This article was originally published by DriveWealth

If you haven’t heard of Tidal, the music streaming service that Shawn “Jay-Z” Carter purchased in 2015, you might begin to hear more about it pretty soon. The subscription-based mobile music service aims to provide only the highest quality audio tracks and the newest music videos to its millions of monthly users. Sound familiar at all? The platform may remind you of some other extremely popular streaming services such as Spotify or Pandora (NYSE: P).

However, there is one key selling point that makes Tidal particularly attractive to music listeners and musicians alike: Tidal pays musical artists almost 7 times as much as much as sites like Spotify, Pandora, and YouTube pay them. How does the payment work? Music streaming services like these typically pay an artist for each time their song is played – something around 0.0019 cents on Pandora and 0.0011 cents on Spotify. Seems like nothing, doesn’t it? Recording artists agree. And, in the recent past, there have been many complaints from these artists that they aren’t paid enough for their work. If we think about the tiny fraction of a cent they earn for each play, we realize that an artist’s song would have to be played over 1 million times just in order for them to earn the monthly US minimum wage of $1,260.

However, Tidal, now run by Jay-Z – a popular recording artist, himself – is aiming to change the game. By paying 0.007 cents on average per play (which doesn’t seem like a drastic difference, but really adds up), signed artists can earn a minimum wage with only 180,000 plays, instead of over 1 million. That’s a drastic difference.

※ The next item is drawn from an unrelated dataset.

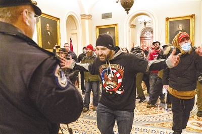 1月6日,示威者在美国华盛顿国会大厦内与警察对峙。美国国会参众两院6日下午召开联席会议,对2020年美国总统选举各州选举人团计票结果进行统计认证。会议开始后不久,部分聚集在国会大厦附近的支持特朗普的示威者冲进国会大厦。美国警方说,部分示威者当天对国会大厦的暴力冲击已造成4人死亡。 新华社 发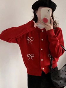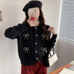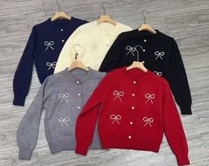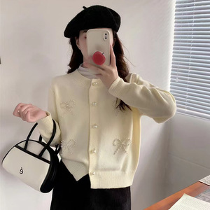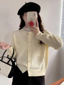 秋季时尚洋气宽松显瘦针织衫韩系温柔风甜美蝴蝶结钉珠毛衣外套女

Now, you might be asking – if Tidal can pay more royalties to signed artists, how does that change their monthly subscription model? And the truth of the situation is that Tidal charges $9.99 a month for a premium subscription package. Or, it charges $19.99 a month for “high fidelity, lossless audio” if you care enough to upgrade. On the other hand, Spotify charges $10 a month for its premium package, without the option to upgrade. So, as Tidal begins to grow more and more, it may start competing with Spotify – charging virtually the same prices, offering the option for better quality streaming, and providing music from more artists (such as those who choose not to release music on streaming sites that don’t pay them enough. Cough cough Taylor Swift).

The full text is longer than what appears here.